* What you are asked to do *
With the pictures left out, write out exactly the lines of the listing below that run from the line with "Dieser niedliche und" through the line with "在中国大陆国台办主任宋涛的陪".

++++ Input ++++

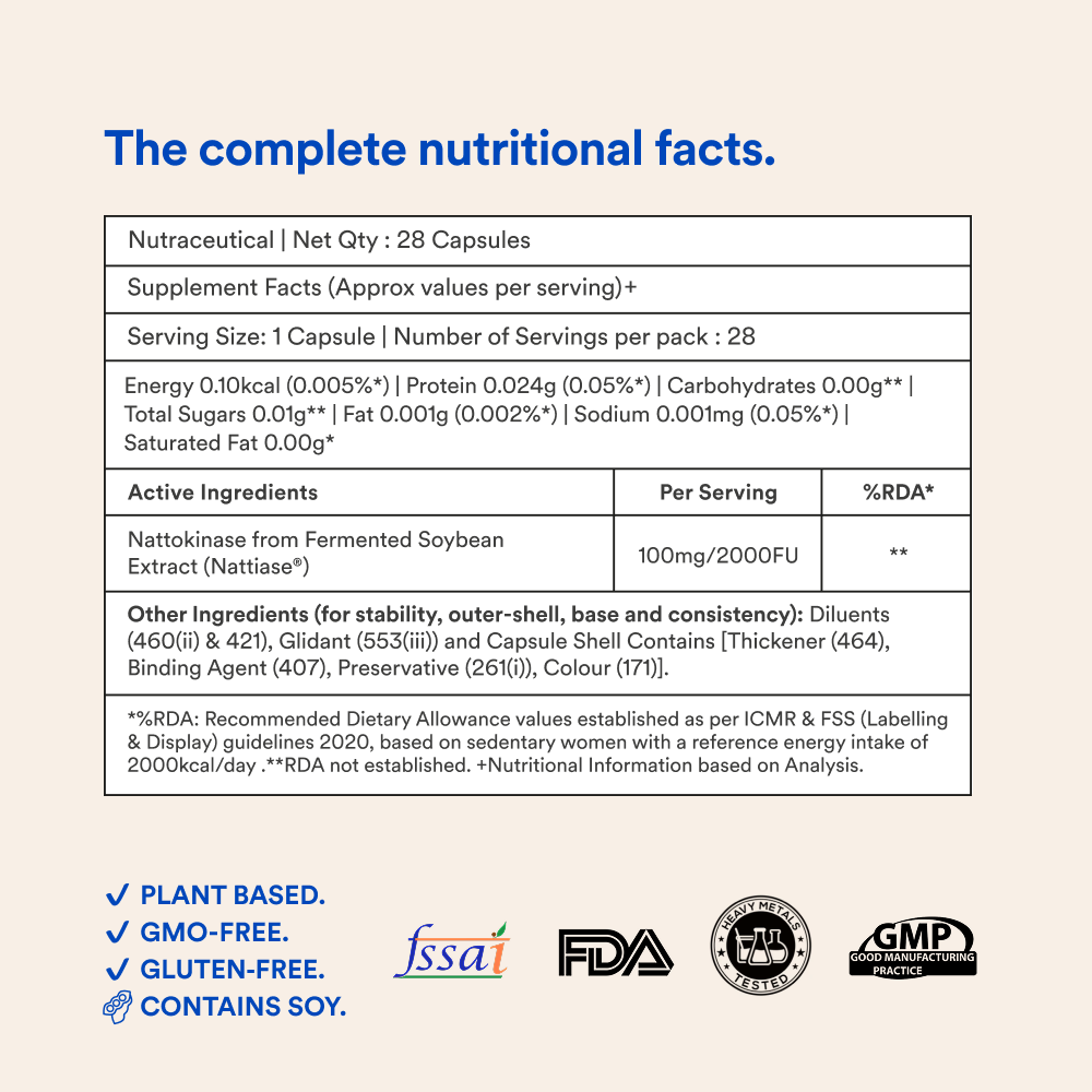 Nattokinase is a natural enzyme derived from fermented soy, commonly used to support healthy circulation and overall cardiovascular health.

++++
++++ Input ++++

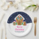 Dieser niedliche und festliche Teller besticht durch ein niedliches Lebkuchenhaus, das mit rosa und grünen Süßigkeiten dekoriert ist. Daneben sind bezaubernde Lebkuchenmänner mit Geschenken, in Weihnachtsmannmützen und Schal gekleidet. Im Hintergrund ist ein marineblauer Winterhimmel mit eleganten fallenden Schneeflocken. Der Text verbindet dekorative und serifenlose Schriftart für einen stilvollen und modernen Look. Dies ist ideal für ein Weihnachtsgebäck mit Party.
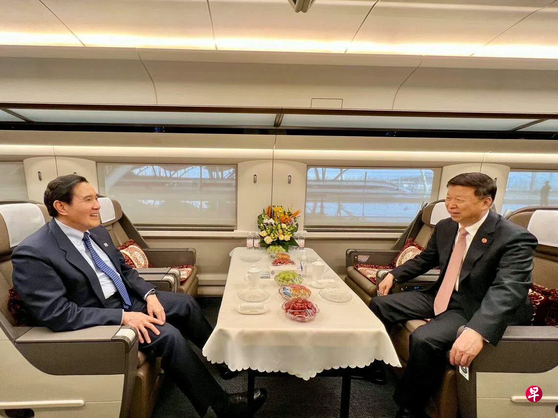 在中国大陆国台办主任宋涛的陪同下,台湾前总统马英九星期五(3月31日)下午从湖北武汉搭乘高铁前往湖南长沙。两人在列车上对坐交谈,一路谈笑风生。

++++
++++ Input ++++

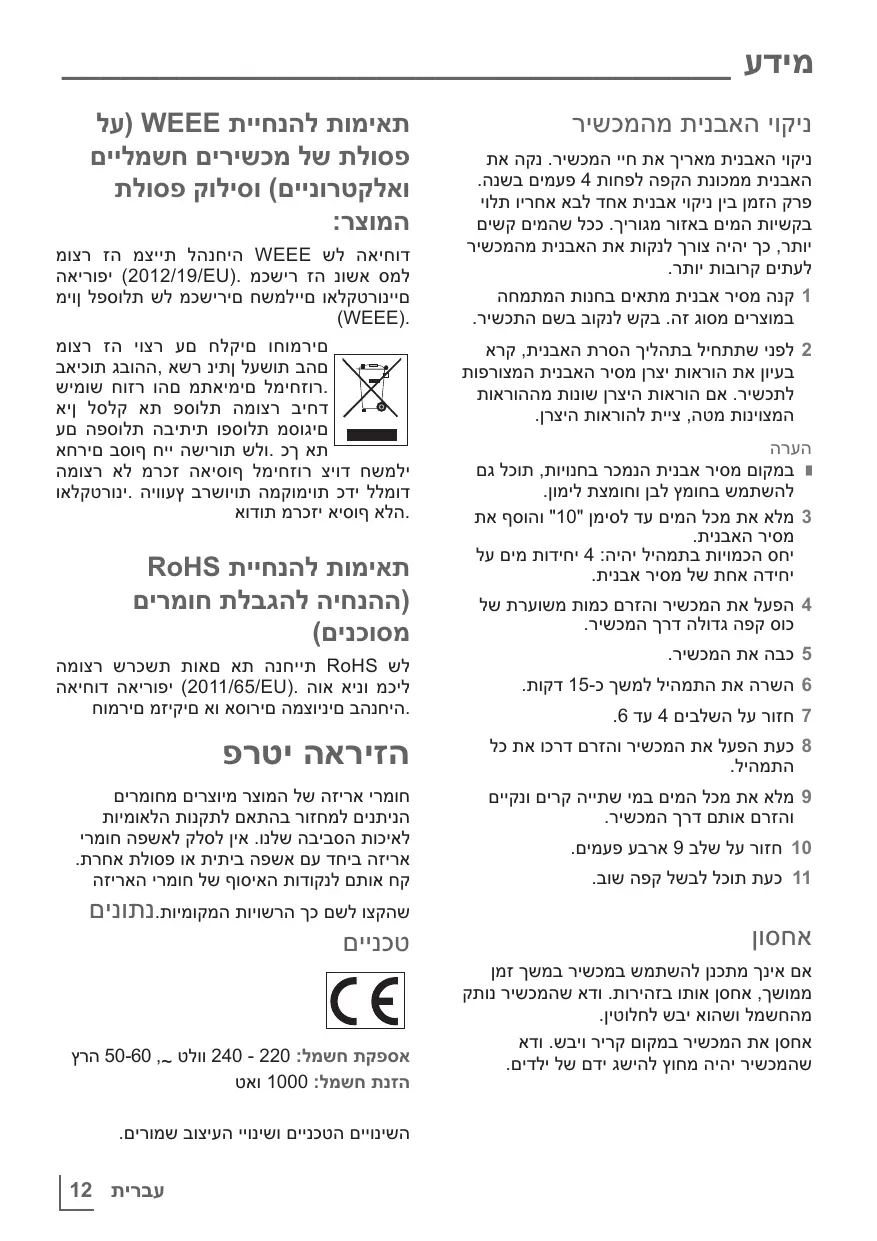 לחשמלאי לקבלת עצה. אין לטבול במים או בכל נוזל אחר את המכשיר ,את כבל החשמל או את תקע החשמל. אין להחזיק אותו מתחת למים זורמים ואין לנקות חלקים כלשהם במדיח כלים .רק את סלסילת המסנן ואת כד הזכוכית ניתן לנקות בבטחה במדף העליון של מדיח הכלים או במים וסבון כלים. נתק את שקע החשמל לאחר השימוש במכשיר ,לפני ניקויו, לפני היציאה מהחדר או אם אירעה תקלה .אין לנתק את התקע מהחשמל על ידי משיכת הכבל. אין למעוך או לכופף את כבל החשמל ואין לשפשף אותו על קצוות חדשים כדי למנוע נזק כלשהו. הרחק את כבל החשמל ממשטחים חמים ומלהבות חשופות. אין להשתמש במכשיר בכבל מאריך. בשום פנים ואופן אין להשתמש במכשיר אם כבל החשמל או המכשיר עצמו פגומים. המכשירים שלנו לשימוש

++++

* Result *
 Dieser niedliche und festliche Teller besticht durch ein niedliches Lebkuchenhaus, das mit rosa und grünen Süßigkeiten dekoriert ist. Daneben sind bezaubernde Lebkuchenmänner mit Geschenken, in Weihnachtsmannmützen und Schal gekleidet. Im Hintergrund ist ein marineblauer Winterhimmel mit eleganten fallenden Schneeflocken. Der Text verbindet dekorative und serifenlose Schriftart für einen stilvollen und modernen Look. Dies ist ideal für ein Weihnachtsgebäck mit Party.
 在中国大陆国台办主任宋涛的陪同下,台湾前总统马英九星期五(3月31日)下午从湖北武汉搭乘高铁前往湖南长沙。两人在列车上对坐交谈,一路谈笑风生。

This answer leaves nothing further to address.